Qualification material in any context can be developed by AdaCore as
part of a contract.

.. rubric:: Impact on Process

.. index:: Precondition
.. index:: Postcondition
.. index:: False alarm

An initial pass is required where proof of AoRTE is applied to the program,
and the resulting messages are resolved by either rewriting code or
justifying any false alarms. Once this is complete, as for the Bronze
level, ongoing maintenance can retain the same guarantees at reasonable
cost.
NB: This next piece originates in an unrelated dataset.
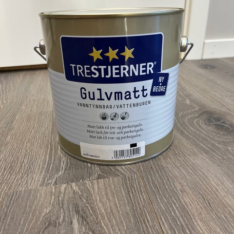 Dette er en anbefalt maling OGSÅ på vinylgulv Den har herdetid på 14 dager kontra 30 dager med den gamle trestjerners gulvmalingen som medfører at du raskere kan møblere etterpå. Den er dobbel så dyr som den gamle trestjerners gulvmaling men vedt det.

Using precise types and simple subprogram contracts (preconditions
and postconditions) is sufficient to avoid most false alarms, and any
remaining false alarms can be easily justified.

.. index:: Loop_Invariant; for Silver level

Special treatment is required for loops, which may need the addition of loop
invariants to prove AoRTE inside and after the loop. See the relevant sections
of the SPARK User's Guide for a description of the detailed process for adding
loop contracts, as well as examples of common patterns of loops and their
corresponding loop invariants.

.. rubric:: Costs and Limitations

The guarantees offered at Silver level and above do not extend to subprograms
with the annotations ``Skip_Flow_And_Proof`` or ``Skip_Proof``, which are only
analyzed at Stone or Bronze level respectively.

The initial pass may require a substantial effort to resolve all false
alarms, depending on the coding style adopted previously. The analysis may
take a long time, up to a few hours, on large programs but is guaranteed to
terminate. Proof is, by construction, limited to local understanding of the
code, which requires using sufficiently precise types of variables, and
some preconditions and postconditions on subprograms to communicate
relevant properties to their callers.

Even if a property is provable, automatic provers may nevertheless not be
able to prove it, due to limitations of the heuristic techniques used in
automatic provers. In practice, these limitations mostly show up on
non-linear integer arithmetic (such as division and modulo) and
floating-point arithmetic.